Member of the Metro Council
- In office 1991–2007

Personal details
- Born: 1948 or 1949 (age 77–78)
- Party: Democratic
- Alma mater: Western Oregon University (BS)
- Profession: politician, teacher

= Susan McLain =

American politician

Susan McLain is an American politician. A Democrat, she currently serves as a member of the Oregon House of Representatives from District 29, representing Cornelius, Forest Grove, and parts of Hillsboro.

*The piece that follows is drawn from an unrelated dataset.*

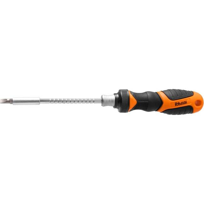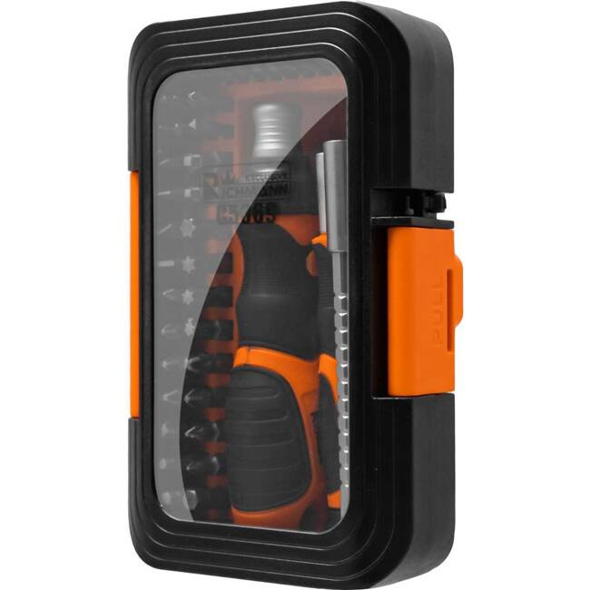 W zestawie znajduje się wkrętak grzechotkowy 140 mm dedykowany pod standardowe bity ¼” (6,35 mm) oraz wkrętak precyzyjny 120 mm z bitami 4 mm.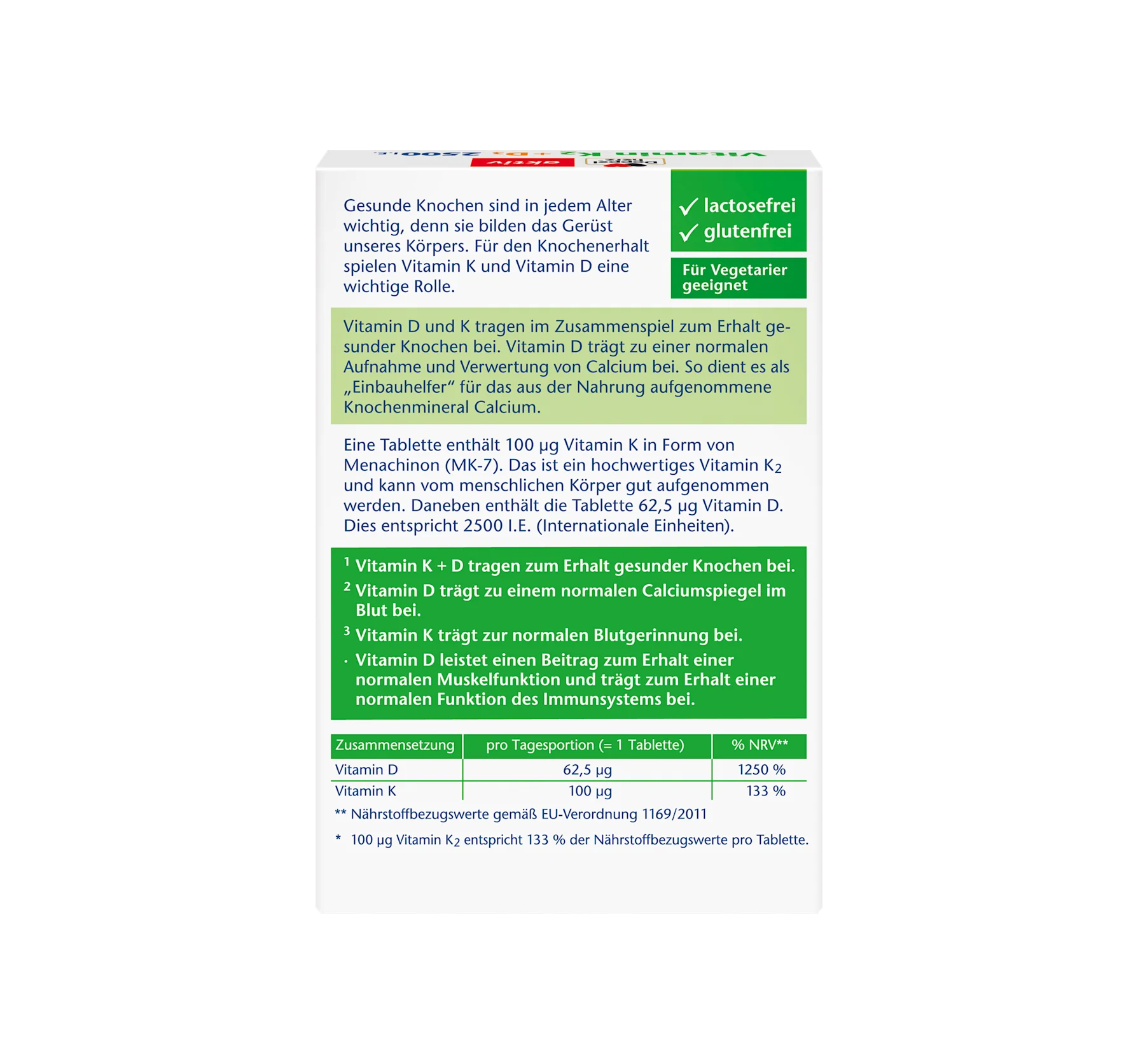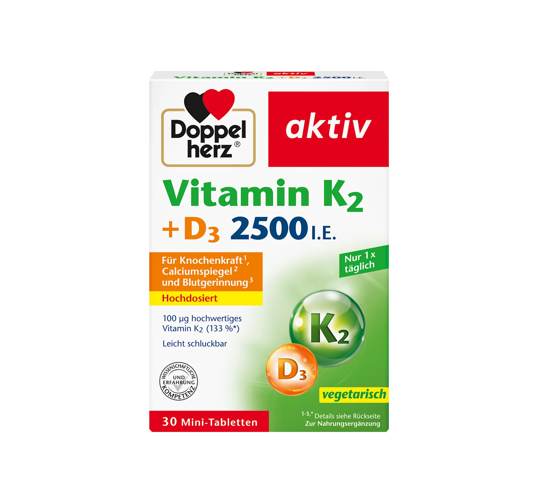 Doppelherz's Vitamin K2 + D3 2500 IU tablets can contribute to the maintenance of normal bones with the help of vitamins K and D. Vitamin K can also help maintain normal blood clotting. Vitamin ...

She served as a councilor for Metro, the regional government covering the urban portions of Clackamas, Multnomah, and Washington counties, for 16 years, first winning election in 1990. She was an unsuccessful candidate for Washington County commissioner in 2006. She was elected to the Oregon House of Representatives in 2014, defeating Republican Mark Richman.

==Personal life==
McLain earned a Bachelor of Science degree in teaching from the Oregon College of Education (known as Western Oregon University since April 22, 1981) in 1971. She retired in June 2014 from Glencoe High School, where she started teaching in 1980, the year the school opened. Prior to that, McLain taught at Hillsboro High School, from 1975–1980. Both schools are in the Hillsboro School District.

In 2011, McLain was awarded the Hillsboro School District's Crystal Apple Award for excellence in education. She continues to coach Glencoe High School's Speech and Debate team in her retirement.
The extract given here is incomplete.